Recorded information >>
───
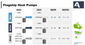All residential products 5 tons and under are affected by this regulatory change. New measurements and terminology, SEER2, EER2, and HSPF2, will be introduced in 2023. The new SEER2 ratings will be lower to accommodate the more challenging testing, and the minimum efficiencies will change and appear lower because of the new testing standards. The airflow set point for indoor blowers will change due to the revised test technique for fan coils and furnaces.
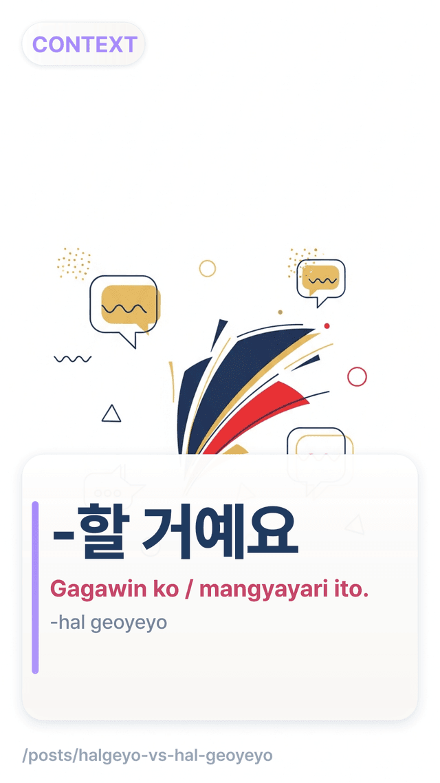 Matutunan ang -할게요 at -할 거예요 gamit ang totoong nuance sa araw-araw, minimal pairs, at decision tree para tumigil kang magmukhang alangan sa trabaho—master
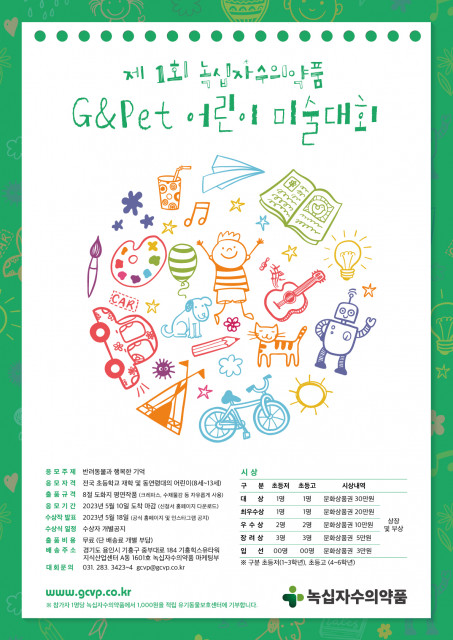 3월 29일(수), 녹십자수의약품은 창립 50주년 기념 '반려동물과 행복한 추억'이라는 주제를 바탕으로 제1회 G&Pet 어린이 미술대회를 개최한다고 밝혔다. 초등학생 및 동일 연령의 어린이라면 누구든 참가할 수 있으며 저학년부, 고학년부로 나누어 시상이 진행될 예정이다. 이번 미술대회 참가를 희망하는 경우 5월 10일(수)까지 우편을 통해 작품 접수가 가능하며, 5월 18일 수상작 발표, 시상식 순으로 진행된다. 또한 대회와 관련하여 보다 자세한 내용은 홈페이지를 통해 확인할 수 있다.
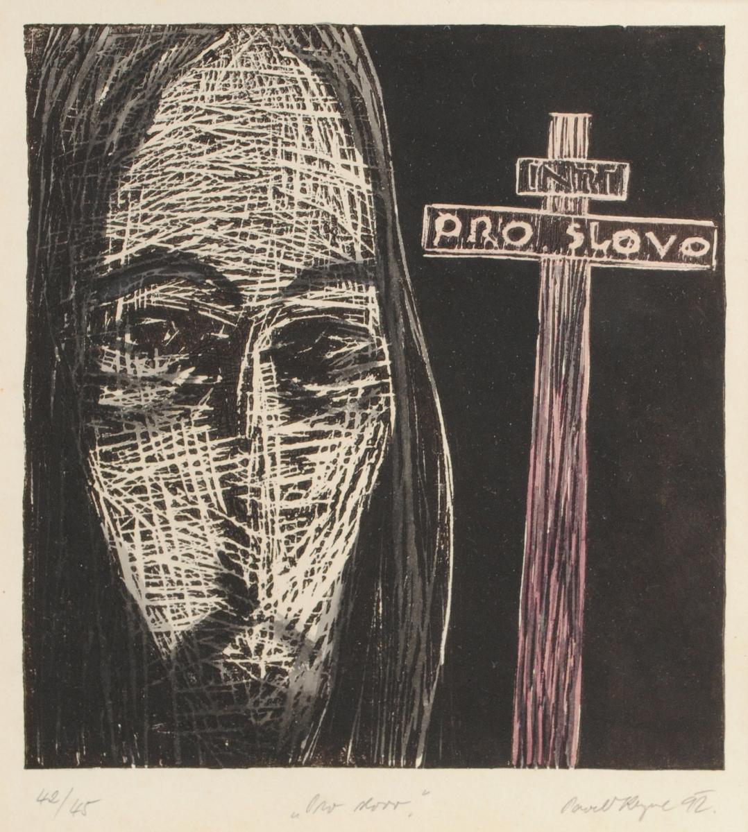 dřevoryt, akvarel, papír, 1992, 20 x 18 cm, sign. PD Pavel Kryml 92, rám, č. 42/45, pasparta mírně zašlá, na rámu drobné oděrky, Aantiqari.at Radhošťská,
───
Task to complete >>
The whole listing above, word for word: repeat it with the pictures excluded.

Result >>
All residential products 5 tons and under are affected by this regulatory change. New measurements and terminology, SEER2, EER2, and HSPF2, will be introduced in 2023. The new SEER2 ratings will be lower to accommodate the more challenging testing, and the minimum efficiencies will change and appear lower because of the new testing standards. The airflow set point for indoor blowers will change due to the revised test technique for fan coils and furnaces.
 Matutunan ang -할게요 at -할 거예요 gamit ang totoong nuance sa araw-araw, minimal pairs, at decision tree para tumigil kang magmukhang alangan sa trabaho—master
 3월 29일(수), 녹십자수의약품은 창립 50주년 기념 '반려동물과 행복한 추억'이라는 주제를 바탕으로 제1회 G&Pet 어린이 미술대회를 개최한다고 밝혔다. 초등학생 및 동일 연령의 어린이라면 누구든 참가할 수 있으며 저학년부, 고학년부로 나누어 시상이 진행될 예정이다. 이번 미술대회 참가를 희망하는 경우 5월 10일(수)까지 우편을 통해 작품 접수가 가능하며, 5월 18일 수상작 발표, 시상식 순으로 진행된다. 또한 대회와 관련하여 보다 자세한 내용은 홈페이지를 통해 확인할 수 있다.
 dřevoryt, akvarel, papír, 1992, 20 x 18 cm, sign. PD Pavel Kryml 92, rám, č. 42/45, pasparta mírně zašlá, na rámu drobné oděrky, Aantiqari.at Radhošťská,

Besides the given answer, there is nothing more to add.